● **Problem description**
When writing out the entries below, keep only the lines from the line with "پستانک ارتودنسی چیکو" to the line with "Mais do que", both included, exactly as they are, and leave the pictures aside.

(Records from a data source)
============

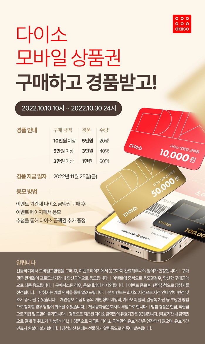 아성다이소에 따르면 이번 이벤트는 ‘다이소 모바일 상품권’을 구매 후 결제완료 페이지의 이벤트 배너에 접속해 응모를 하면 되고, 누적금액으로 3만원 이상부터 상품권 추첨이 가능하다.
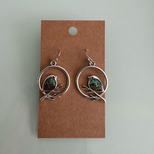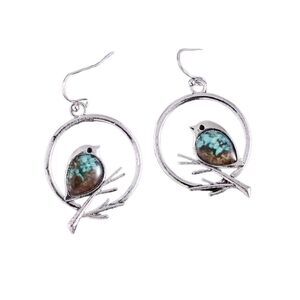 Elegant silver hoop earrings featuring a charming turquoise bird design. Perfect for adding a touch of nature-inspired beauty to any outfit.
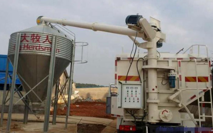 運送介質(zhì)品名: 膨化及顆粒飼料、粉料;介質(zhì)密度:500kg-600kg立方米,罐體有效容積:42立方米,罐體外形尺寸:9000×2495×2310(mm),飼料裝載量20-21噸,380V電動絞龍卸料,罐體內(nèi)部可分4倉,裝卸不同種類飼料,垂直卸料高度8.2米,水平工作半徑7.2米。液壓絞龍式適用于無電力配置場所飼料裝卸運輸。
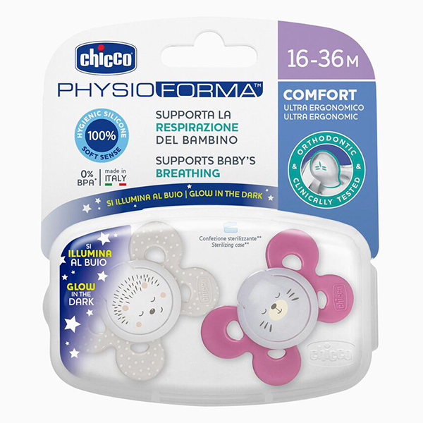 پستانک ارتودنسی چیکو مدل فیزیو کامفورت شبرنگ بسته 2 عددی
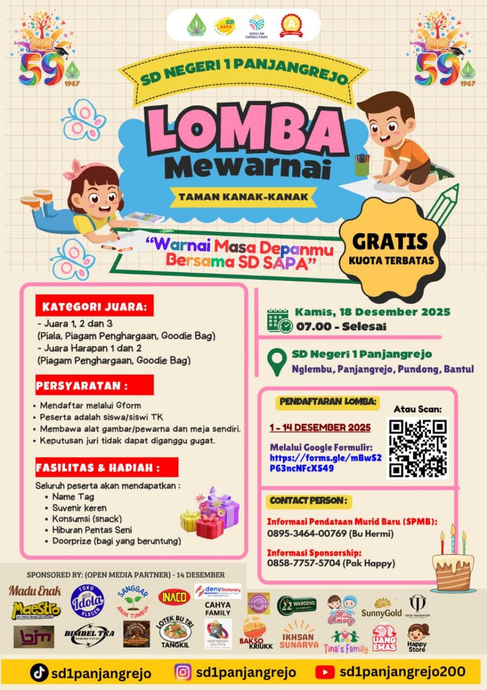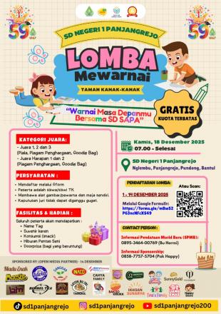 Dalam rangka memperingati Hari Ulang Tahun SD Negeri 1 Panjangrejo yang ke-59, SDN 1 Panjangrejo menyelenggarakan kegiatan Lomba Mewarnai dan Pentas Seni yang berlangsung dengan meriah dan penuh antusias. Kegiatan ini diikuti oleh peserta didik TK se-Kalurahan Panjangrejo sebagai bentuk pengenalan lingkungan sekolah serta wadah pengembangan kreativitas dan bakat seni anak sejak usia dini.
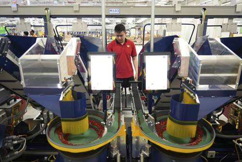 GREEN FACTORY. A worker operates packing machines at the Binh Duong Lego factory. (AP Photo/Hau Dinh)
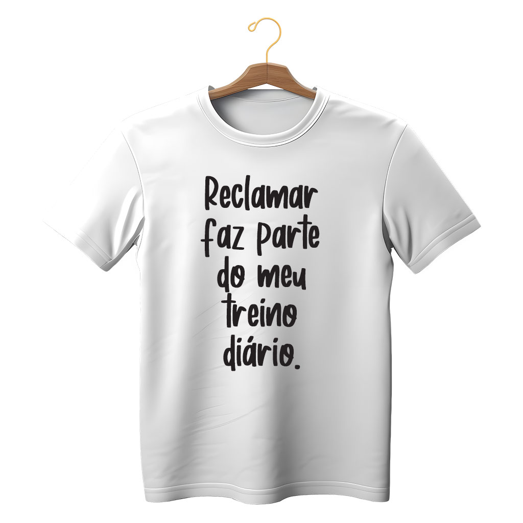 Mais do que uma peça de roupa, a camiseta “Reclamar faz parte do meu treino diário” é uma forma divertida de vestir autenticidade, transformando até os resmungos em atitude fashion.
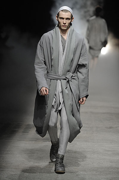Alternating between black and ash gray, Damir Doma uses the fall season as the perfect opportunity to pack the volume back on. Creating his own bubble away from the world, Doma moves to cloak his man from the elements with meticulously constructed layers of seamless draping. Meanwhile, robe-like outerwear and billowing shapes act as a reoccurring theme for Doma as he progresses the collection with an exciting splash of print and the occasional bare leg or two. Ultimately, Doma continues to demonstrate his expertise in executing near effortless silhouettes–fitted or voluminous.
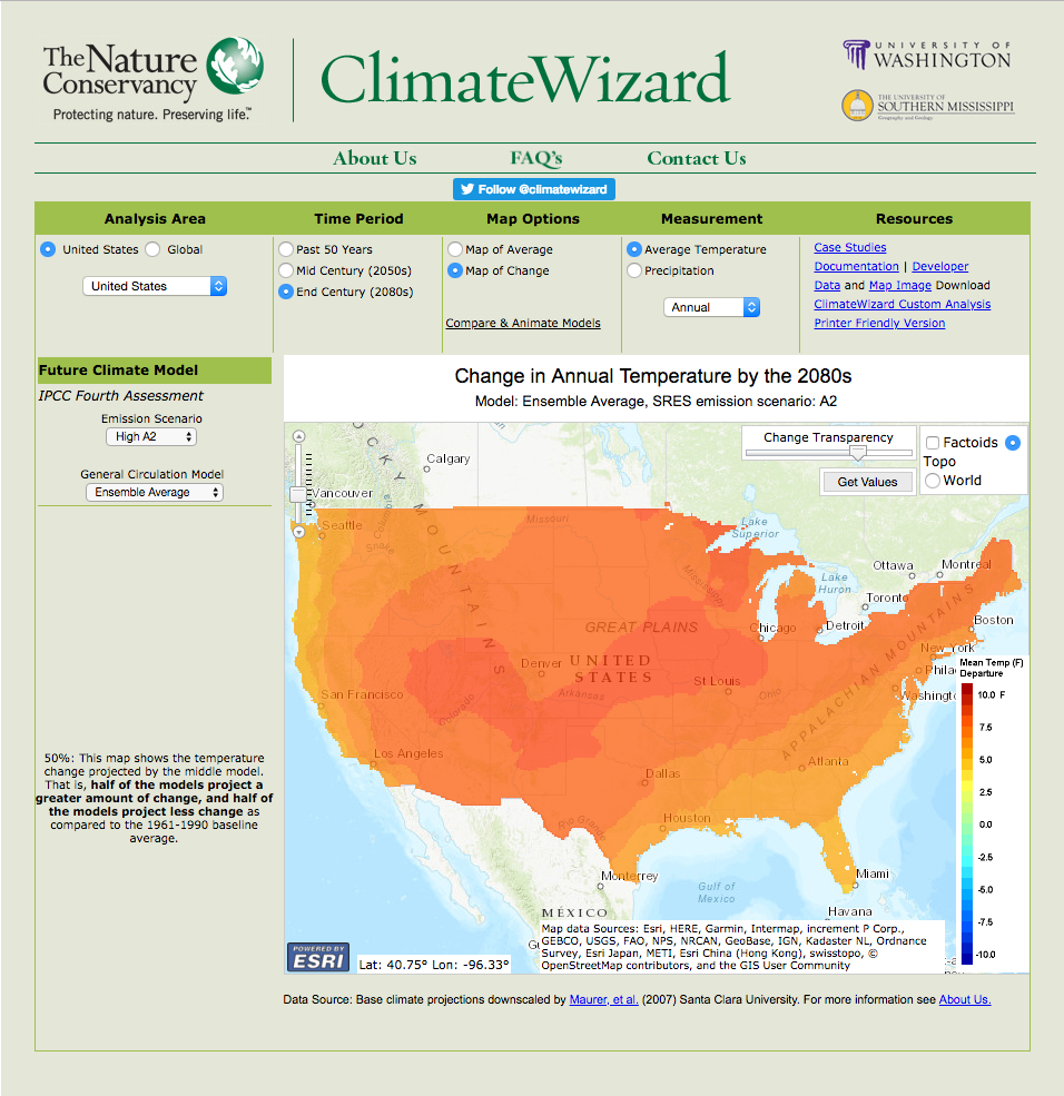 Thanks to the Nature Conservancy, the Climate Wizard provides access to leading climate change information and the ability to visualize impacts that may occur...
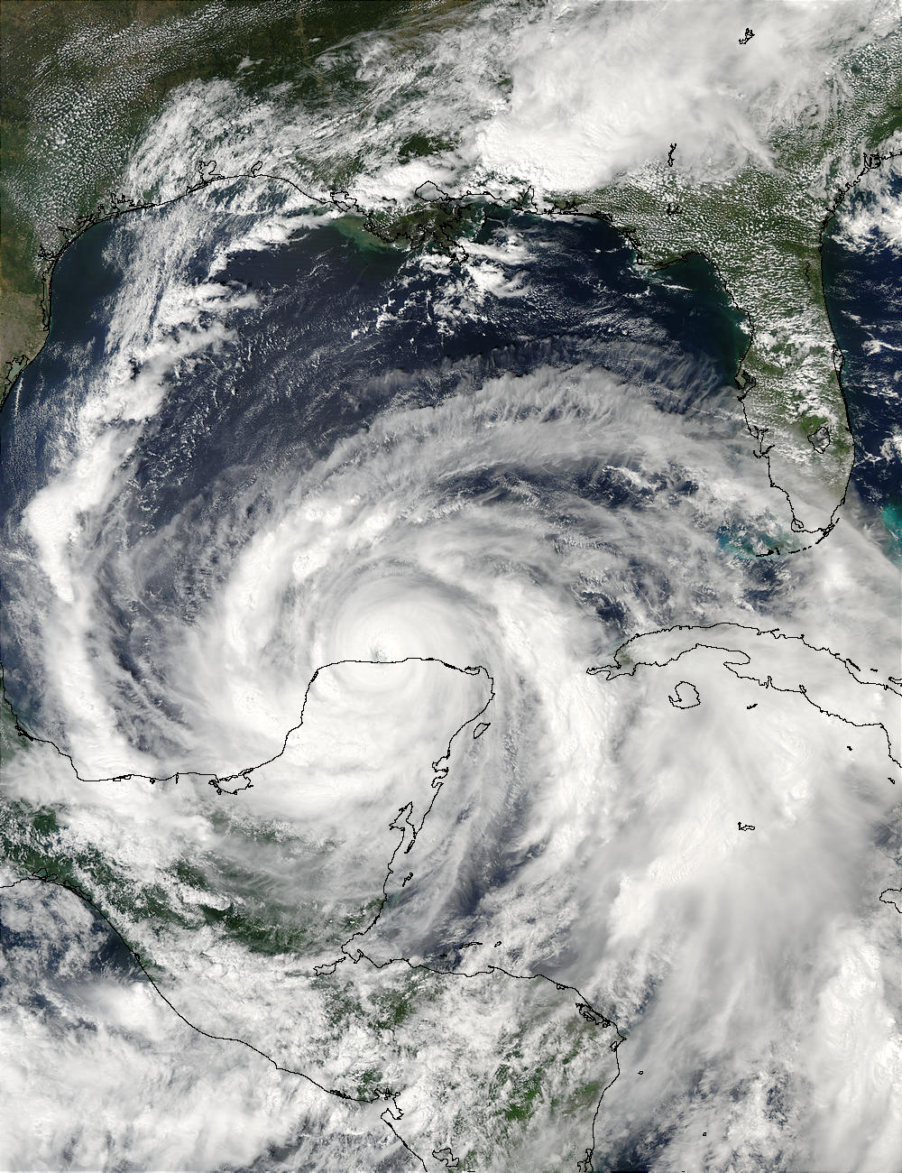 Hurricane Isidore hammers the Yucatan Peninsula. There as though even as it moves westward into the Gulf of Mexico. Also begins eyeing the Gulf Coast of the United States. In this true-color Moderate Resolution Imaging Spectroradiometer (MODIS) image from the Aqua satellite. Therefore large atmospheric circulation associated with the storm is easily seen. If the storm were centered in the Gulf, it would fill it completely. This iamge was acquired on September 22, 2002.
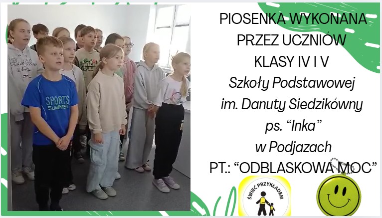 W ramach przedsięwzięcia Szkoła Podstawowa im. Danuty Siedzikówny ps. "Inka" w Podjazach skomponowała oraz nagrała piosenkę oraz film promujący bezpieczeństwo.
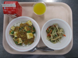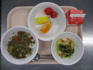<食材の産地> にんじん・・・千葉県 キャベツ・・・愛知県 玉葱・・・北海道 もやし・・・栃木県 ねぎ・・・千葉県 チンゲン菜・・・茨城県 生姜・・・熊本県 じゃが芋・・・鹿児島県 ※牛乳は、茨城県・千葉県・群馬県・栃木県・北海道・山形県・宮城県の原乳を使用しています。 ※現在出荷制限されている食材については、給食に使用していません。
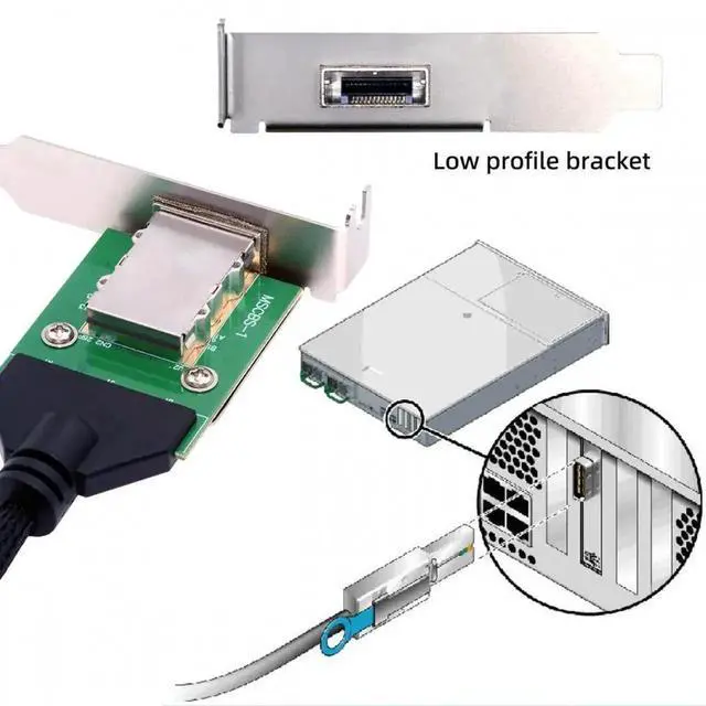 External 8088 male to female cable, will work both on the host and device side. With Low Profile bracket.

============

● **Finished task**
 پستانک ارتودنسی چیکو مدل فیزیو کامفورت شبرنگ بسته 2 عددی
 Dalam rangka memperingati Hari Ulang Tahun SD Negeri 1 Panjangrejo yang ke-59, SDN 1 Panjangrejo menyelenggarakan kegiatan Lomba Mewarnai dan Pentas Seni yang berlangsung dengan meriah dan penuh antusias. Kegiatan ini diikuti oleh peserta didik TK se-Kalurahan Panjangrejo sebagai bentuk pengenalan lingkungan sekolah serta wadah pengembangan kreativitas dan bakat seni anak sejak usia dini.
 GREEN FACTORY. A worker operates packing machines at the Binh Duong Lego factory. (AP Photo/Hau Dinh)
 Mais do que uma peça de roupa, a camiseta “Reclamar faz parte do meu treino diário” é uma forma divertida de vestir autenticidade, transformando até os resmungos em atitude fashion.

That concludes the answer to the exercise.